Forgive me one last digression, but my inner second-wave feminist thinks it’s obscene that I’ve spent this much time discussing my boyfriend’s — ahem, fiancé’s — work without mentioning my own. And who am I to say she’s wrong? So. My work concerns the appropriation of mythological and folk motifs for use in massively multiplayer online role-playing games. I buy high-level characters from burnt-out gamers, and these allow me access to the most remote realms of the virtual worlds without my having to spend thousands of hours building up experience points in a half dozen different games.

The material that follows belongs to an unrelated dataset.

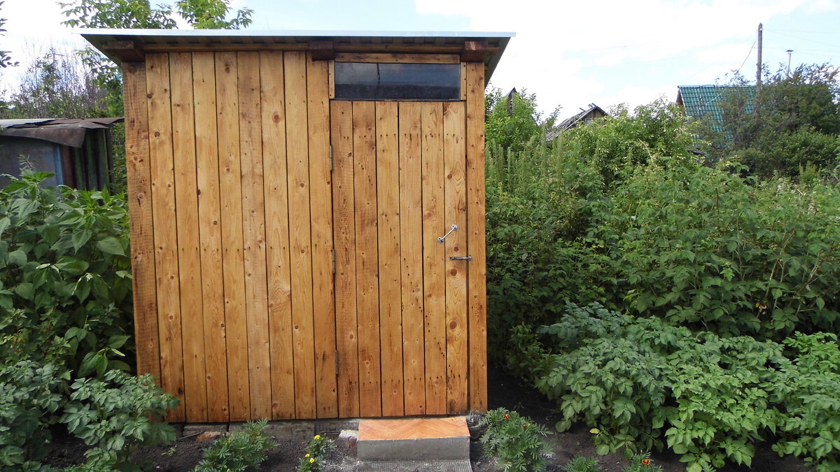 Уважаемые подписчики и гости моего канала! Сегодня я решила написать о том, как мы строили туалетное помещение на садовом участке. Почему помещение? Да потому что в нём имеется унитаз, раковина, умывальник и даже полотенце. Всё, что нужно для удобства. Наш сад находится километрах в десяти от города. С ранней весны до поздней осени мы каждый день ездим на садовый участок. Поэтому решили построить новый туалет. Участок мы покупали запущенный, но и можно представить, какой там был туалет. Сначала муж вырыл яму под 200-литровую бочку. В бочке сделал отверстия, чтобы жидкость уходила в землю. Бочку разместил в яме. Фундамент муж сделал из шпал б/у. Пол туалета застелил досками 40х20. Сделал постамент, на который потом установили крышку от унитаза. Каркас туалета сделали из бруса 10х10. Соединяли брусками 5х5 при помощи металлических уголков и саморезов. Зашивали каркас туалета досками 10х12. Предварительно муж всё дерево обжигал газовой горелкой для увеличения срока годности дерева. И о
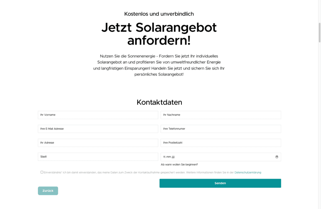 Das Unternehmen wollte seine Online-Präsenz stärken, um potenzielle Kunden besser über die Vorteile von Solarenergie zu informieren und zur Kontaktaufnahme zu motivieren.

Zachary played Spells of Evermore 3 with me once. I had a barbarian warrior and a wood elf druid, and I needed him to play the druid, backing me up while I fought this one particular dragon. His job was to alternately cast ensnaring vines on the monster and healing spells on me. So basically he had to press two buttons. But the dragon had these minions and one of them was a necromancer and things got out of hand, and I admit I may have overreacted when we both got killed, but that was because I knew it was going to be a fucking week of my life to get the lost experience points back when slaying the dragon hadn’t even been the goal in the first place. We were only killing him to get his eyes so we could go see some witch who supposedly had been modeled on Baba Yaga. Zachary said I was no fun to play with and I reminded him that the point of the game wasn’t to have fun, and that was the last time I asked him to take an active interest in my work.

But getting back to our truth session. Because it’s not 1971 or whatever year it’s supposed to be in the Hannah story, we’re having a tough time finding stuff that the other person doesn’t already know. We know each other’s loss-of-virginity episodes and we know each other’s numbers. He knows about my abortion. I know he messed around with guys a few times in college. All very healthy and progressive, I’m sure, but the point is that before we know it we’ve run out of revelations from our pasts and have stumbled into the veritable present.

So I admit that, yes, I sometimes fake with him. Not often, I’m quick to add, trying to be kind here and pulling it off, I think, though this is admittedly something I’ve been looking for a way to talk about.

“Well, when was the last time?” He isn’t looking at me. He’s at the counter, fixing us fresh drinks. Gin and tonics with zests of lime, because even though we can joke knowingly about “the peculiar institution” and “the War of Northern Aggression” we are still people who live in Philadelphia with their citrus zester. Anyway, I give him the truthful answer about my faking: “Tuesday.”

“I see.” His tone is relaxed. Casual introspection. If he’s hurt he hides it well. Or, also plausible, I’m too drunk to read him.

“Your turn,” I say. It occurs to me that we’re doing our truth session backwards. In the story they have this great night out — it’s the guy’s birthday — and then they get into it the morning after, when they’re sober, after ditching a party and reaffirming their love. But it’s too late to offer this observation, with him already in the middle of talking about Bridget, the girl he dated before me. How it only lasted a few months but was super heavy while it did. I already know all this, I want to say to him. Well, here’s some news. Bridget used to be into some rough stuff — she liked to be choked and held down, tossed around. Your average rape fantasy, it sounds like. And he’s got his hands in the air, palms out, preemptive defense, saying how he didn’t even want to do it at first — refused to role-play the oppressor, was worried he might injure her, etc. But then he learned that simulating violence in a safe space can be a valid way of gaining psychological mastery over trauma. (One wonders what ol’ Bridget’s truth session might have sounded like.) Long story short, he came around.